By Chuks Okocha, Abuja
As Nigeria marks ten years of democracy, former head of state, General Muhammadu Buhari, former vice president, Atiku Abubakar and former presidential candidate and secretary to the government of the federation, Chief Olu Falae, yesterday said that there was nothing to celebrate.

They said instead of celebrating, Nigerians should join hands with promoters of the proposed mega party to mark what it called the First Electoral Reform Day.

Speaking during the ceremony in Abuja, General Buhari openly declared support for the formation of the mega party to checkmate the Peoples Democratic Party (PDP) during the 2011 elections.

“There is nothing to celebrate as we mark ten years of democracy in Nigeria. What we are celebrating today is the Electoral Reform Day and not the Democracy Day.

“Every Nigerian should stand up to be counted as a supporter of the formation of a mega party,” Buhari said.

Buhari threw his weight behind the formation of the party, adding that he was always being briefed on the activities of the proposed party.

Atiku was represented by one Ahmed Yusuf, who said that the former vice president was an active supporter of the Mega Party Movement.

He also chided PDP and its “cohorts” for allegedly bastardising democracy in Nigeria.

Atiku, he said, was in support of the struggle for free and fair elections in Nigeria, adding that that the era of “carry-go” politics is over.

Falae who was the chairman of the occasion, also said there was nothing to celebrate on the tenth anniversary of democratic governance in the country.

Rather, he said opposition politicians have chosen to use May 29 2009 as a day to fight for genuine electoral reforms “which will engender a transparent electoral system.”

Falae lambasted the PDP, saying it represents “an ideologically-bankrupt and decadent ruling elite presiding over the administration of the nation in the past ten years.”

The former SGF added: “The 1999 elections as imperfect as it was, has remained remarkably better than any election conducted by the PDP government in the past ten years.”

Falae said he was in support of the Uwais committee's recommendation that the National Judicial Commission (NJC) should advertise the positions of INEC chairman “and then shortlist three people for the National Council of States, which would then select a candidate and send to the Senate for approval.”

Also, he said the Mega Party Movement would soon present a private members' bill on electoral reforms to the National Assembly.

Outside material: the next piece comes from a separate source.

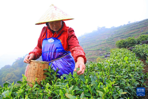 3月29日,采茶工在浙江省玉環(huán)市大麥嶼街道石峰山火山茶基地采摘明前茶。(新華社發(fā) 段俊利 攝)

On the chances of members of the mega party being infiltrated by the ruling PDP and security agents, Falae said, “as politicians, we know who is who and will know what to do when such situations arise.”

The chairman of the Conference of Nigeria Political Parties (CNPP), Alhaji Balarabe Musa also allayed concerns that the proposed mega party would be stunted by too many presidential aspirants.

He explained that the party by 2011 would only present a consensus presidential candidate to the support and admiration of its members.